A cleft lip and palate (CLP) is a relatively common congenital malformation, with an incidence of about 1 in 700 newborns in the Caucasian population [1]. While an isolated cleft lip primarily is an aesthetic problem, complete CLP may cause velopharyngeal insufficiency (VPI) which can interfere with speaking, breathing, and swallowing. Often CLP is associated with an articulation disorder generally regarded as compensation to an anatomical abnormity leading to VPI. This may lead to dysfunctions not only of the velopharyngeal sphincter, but also of the entire vocal tract [2]. CLP-associated VPI typically leads to deviations in the resonance such as hypernasality or hyponasality, nasal air emission and weak pressure consonants, and compensatory articulation [3].

VPI is an eminently clinical diagnosis. Any surgical intervention to correct the underlying anatomy should be planned, based on the combination of video-naso-pharyngoscopy and multiplanar videofluoroscopy. Magnetic resonance imaging is an emerging diagnostic tool, however, to date not widely adopted [4, 5].

Typically, speech and language pathologists assess articulation placement and manner, and examine the oral cavity and the pharynx through direct vision and palpation of the hard and soft palate [6]. However, the most important diagnostic procedure is a subjective evaluation by speech and language pathologists, who assess hyper-or hyponasality, nasal air emission and/or turbulances, consonant production errors, and voice disorders. For this subjective evaluation, the patients’ language background and age are important.

A more objective method may be the so-called nasometry, which measures nasalance instrumentally and can provide objective data for evaluating nasal resonance.

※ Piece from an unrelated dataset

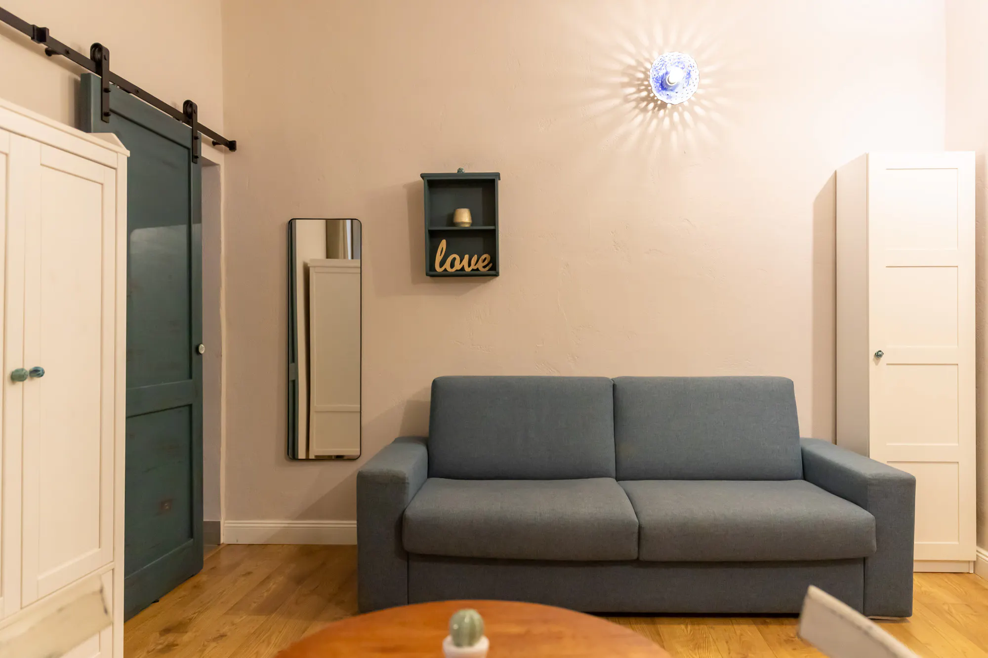 The living area features a cozy relaxation corner, perfect for unwinding after a day of sightseeing.

Different centers may use different speech parameters in testing, and therefore, they are not always comparable [7]. Several assessment protocols have been described [810], but none of them was widely adopted. The most accepted assessment protocol was developed by an international working group. Henningsson et al. [11] reported an universal system for reporting speech outcome measures. The system includes five universal characteristics like hypernasaly, hyponasality, nasal air emission and/or turbulances, consonant production errors, and voice disorders. Concerning the grading of hypernasality, mild forms are appreciated primarily in certain vowels and may not be socially disturbing to the patient or family. Moderate hypernasality is audible with most vowels and deemed socially unacceptable. Severe hypernasality would usually prompt a recommendation for intervention by the patient and the clinician, because speech intelligibility is significantly diminished [11]. A standard test regimen for the perceptual nasality evaluation is routinely performed using specific test items, like those from the Heidelberg Rhinophonia assessment form [12]. Typically, for perceptive nasality assessment, a scale with three to five grades is used. Recently, Baylis et al. [13] described that the use of analog visual scales is more accurate than the nasality documentation within a few categories only. Many studies investigate the use of instrumental objective diagnosis, which typically provide higher diagnostic resolutions compared to only few assessment classes diagnosed by speech therapists [1, 1416].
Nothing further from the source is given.